Франц фон Папен, посол Германии в Турции и бывший националистский канцлер Германии, держал Берлин в курсе пантюркистских действий. В августе 1941 г. он сообщил из Анкары, что «…в свете успехов немцев в России турецкие правительственные круги все больше озабочены судьбой своих собратьев за пределами турецко-российской границы, и особенно судьбой азербайджанцев. Эти круги… судя по всему, хотят аннексировать этот регион, а особенно ценные нефтяные месторождения в Баку».

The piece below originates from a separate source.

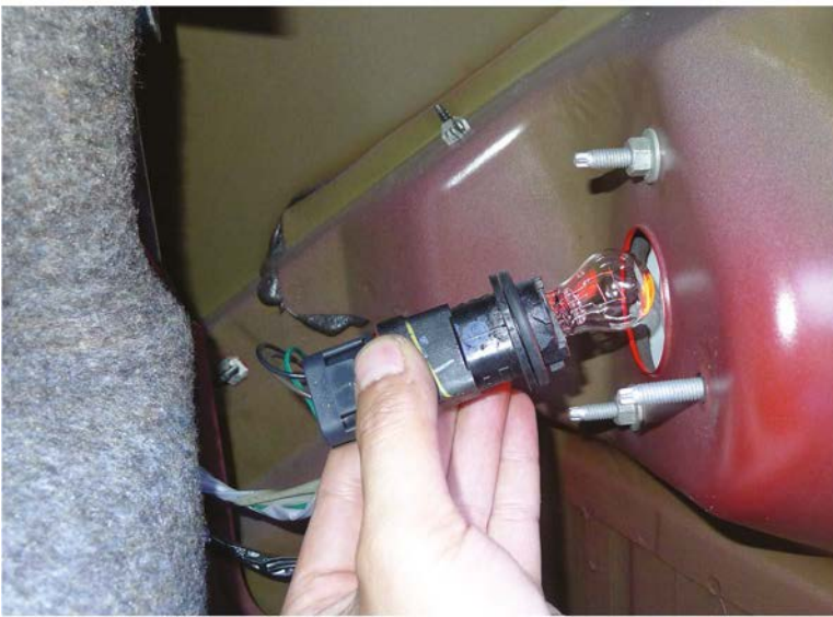
5. Remove the taillight socket

На самом деле мнения в Турции резко разделились. Среди тюркских эмигрантов группой, обладавшей самым легким доступом к Папену, была «Мусават», которая под руководством Мамеда Эмина Расулзаде стремилась к независимости Азербайджана. В отличие от сторонников более обширных пантюркистских государств и федераций ее представители продвигали более ограниченную формулировку, по которой азербайджанские националисты стремились «украсть» у Украины роль привилегированного примаса среди восточных национальностей в схеме Розенберга: «Германия должна уделять особое внимание формированию как можно более сильного государства на юго-востоке, чтобы держать Россию под угрозой со всех сторон. Украина не выполняет эту функцию в достаточной степени. Украинцы – славяне, и поэтому, как болгары и сербы, они могут в любое время осознать свое общее прошлое с Россией. С турками это совершенно исключено!»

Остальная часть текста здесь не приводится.